Evening Hosts Lampoon Trump's Latest 'Gold Card' Visa Program
Late-night's top entertainers devoted their airtime criticizing former President Donald Trump's just announced visa initiative, labeled the "Trump card," characterizing it as a obvious pay-for-access system for the affluent.
Colbert's Pointed Spin
Opening his show, Stephen Colbert presented a mock holiday jingle about the commander-in-chief. "He's compiling a list, reviewing it twice, and then handing that list to the agents at ICE," he intoned. "The President ... spoils everything he comes into contact with."
The subject was the controversial program which permits foreign citizens to purchase U.S. residence for a sum of $1 million dollars, with a "platinum" tier for $5 million. A government portal promises approval "with unprecedented speed."
"A quick note here to wealthy immigrants: prior to you pony up, what about Canada?" Colbert remarked.
He noted that the card is also meant to "get cash" from businesses looking to hire skilled workers, involving significant costs. "That's a lot of fees, though if you register, you also get free accommodation at a property of your choice – if it's the a specific Marriott," he added.
"Unprecedented background check the U.S. government has ever done," said Commerce Secretary Howard Lutnick, "a $15,000 vetting to verify these applicants completely are eligible to be in America."
"That is important, you gotta prove you're suitable to be an American," Colbert said dryly. "Question one: how many hamburgers would you eat for a free T-shirt?"
Jimmy Kimmel's Humorous Roast
On his late-night program, Jimmy Kimmel referred to the initiative the "American Dream Express Card."
"It's a card that will permit affluent foreigners to live here," he explained. "In exchange for a million dollars, you get legal visitor status, you get a road to citizenship, and a presidential pardon for one major crime of your selection."

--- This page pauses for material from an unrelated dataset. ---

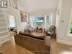 Set along the wooded edge of East Lake Shores, 50 Hollow Lane offers shade, privacy, and a quieter setting while still being close to the resort amenities. Mornings start with filtered light through the trees and birdsong overhead, and evenings on the screened-in porch feel like a calm retreat after a day at the lake or exploring The County.Located in The Hollows, one of the resort's most desired areas, this Picton model is one of the larger floor plans at East Lake Shores. It features two bedrooms, two bathrooms, vaulted ceilings, and an open kitchen, dining, and living area. A spacious loft adds extra sleeping space or storage. The screened-in porch faces the treeline, offering privacy while remaining a short walk to the pools, courts, playground, and waterfront. The cottage comes furnished and includes two-car parking, landscaped grounds, and a storage shed.East Lake Shores spans 80 acres of parkland along East Lake with nearly 1,500 feet of shoreline. Seasonal amenities include two pools, tennis, basketball, bocce and pickleball courts, a gym, dog park, playground, walking trails, canoes, kayaks, paddleboards, and a lakeside patio for sunset views. Weekly activities-yoga, aquafit, kids' crafts, and live music-create a friendly, inclusive atmosphere.Just beyond the gates is everything people love about Prince Edward County: Sandbanks Provincial Park, wineries, breweries, farm stands, markets, and great local dining. This is a vacant land condominium, so you own both the cottage and the land. Monthly condo fees of $663.03 include water, sewer, internet, cable, grounds maintenance, waste removal, management, and use of all amenities. Owners may join the on-site rental program or manage their own bookings to help offset costs.50 Hollow Lane offers a budget-friendly cottage in a wooded, more private setting with full access to the amenities and easygoing County lifestyle that make East Lake Shores so appealing. (id:7525)

"It might be time to update that inscription on the Statue of Liberty – to hell with your tired masses. Give us a million bucks, you're in!" he remarked.
Kimmel lampooned the lack of detail of the application, observing it is "harder to start a Wordle account." He remarked that Trump "believes citizenship is something you can sell, like a timeshare."
"Exactly, the finest people are the rich people," Kimmel quipped. "It's what Jesus always said! Read it in the Bible. He says it's simpler for a camel to go through the eye of a needle if you give the needle a million dollars."
Seth Meyers covering Grocery Issues
Elsewhere, Seth Meyers turned to Trump's declining approval numbers amid economic anxiety. "People gave Donald Trump a second term because they were upset about the economy," he said.
Recently, in a attempt to tackle prices, Trump held a briefing in front of a display of food items, where he reacted strangely to some cereal.
"These look great, I think I'm going to take some of them back to my place and have a lot of fun," Trump said. "Such as the Cheerios, I haven't seen Cheerios in a ages."
"He is so incredibly weird," Meyers reacted. "What do you mean, you're going to take them back to your cottage to have a lot of fun with them? What are you gonna do with those Cheerios?"
Meyers finished by targeting right-leaning news arguments of Trump's economic performance. "Maybe instead of complaining, you should give him a shiny trophy like the one FIFA did," he laughed.